▶ ABOUT THIS TASK
Copy, word for word, the lines of the listing below from the line with "There’s no secret" up to and including the line with "We then drove". Drop the pictures.

▶ MATERIAL TO PROCESS

------

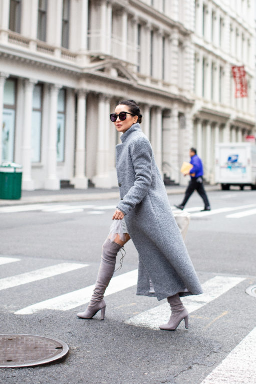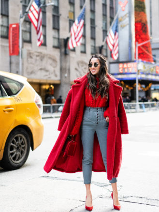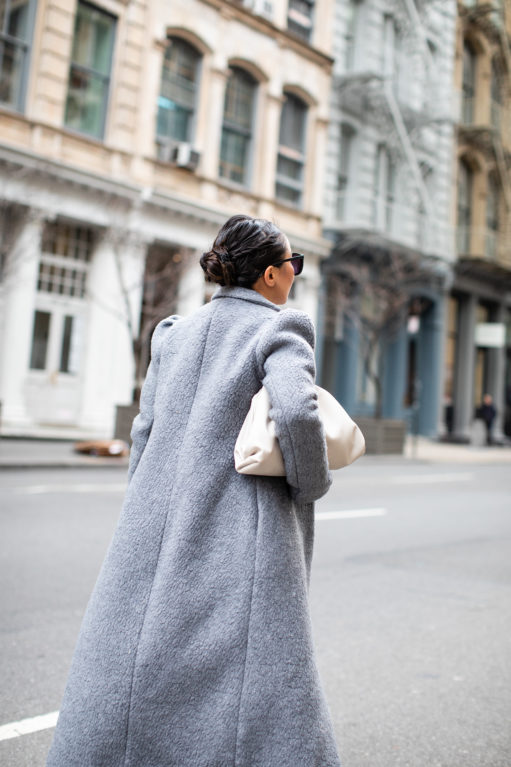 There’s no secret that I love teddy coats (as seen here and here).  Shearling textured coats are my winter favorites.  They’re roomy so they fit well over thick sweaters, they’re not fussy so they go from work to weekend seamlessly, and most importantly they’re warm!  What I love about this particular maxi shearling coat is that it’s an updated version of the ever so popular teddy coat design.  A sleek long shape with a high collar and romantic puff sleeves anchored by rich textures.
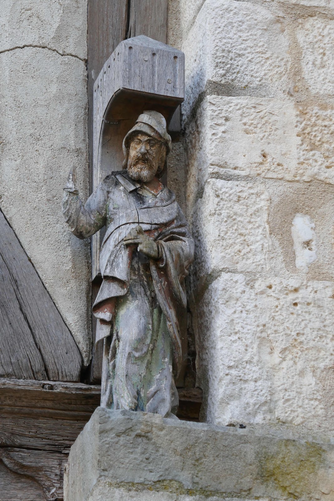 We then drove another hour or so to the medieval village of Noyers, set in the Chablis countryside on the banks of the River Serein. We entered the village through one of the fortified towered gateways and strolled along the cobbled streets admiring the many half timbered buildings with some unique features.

------

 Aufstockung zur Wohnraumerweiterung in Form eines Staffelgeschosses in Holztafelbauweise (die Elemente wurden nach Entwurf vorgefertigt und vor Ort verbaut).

------

▶ TASK ANSWER
 There’s no secret that I love teddy coats (as seen here and here).  Shearling textured coats are my winter favorites.  They’re roomy so they fit well over thick sweaters, they’re not fussy so they go from work to weekend seamlessly, and most importantly they’re warm!  What I love about this particular maxi shearling coat is that it’s an updated version of the ever so popular teddy coat design.  A sleek long shape with a high collar and romantic puff sleeves anchored by rich textures.
 We then drove another hour or so to the medieval village of Noyers, set in the Chablis countryside on the banks of the River Serein. We entered the village through one of the fortified towered gateways and strolled along the cobbled streets admiring the many half timbered buildings with some unique features.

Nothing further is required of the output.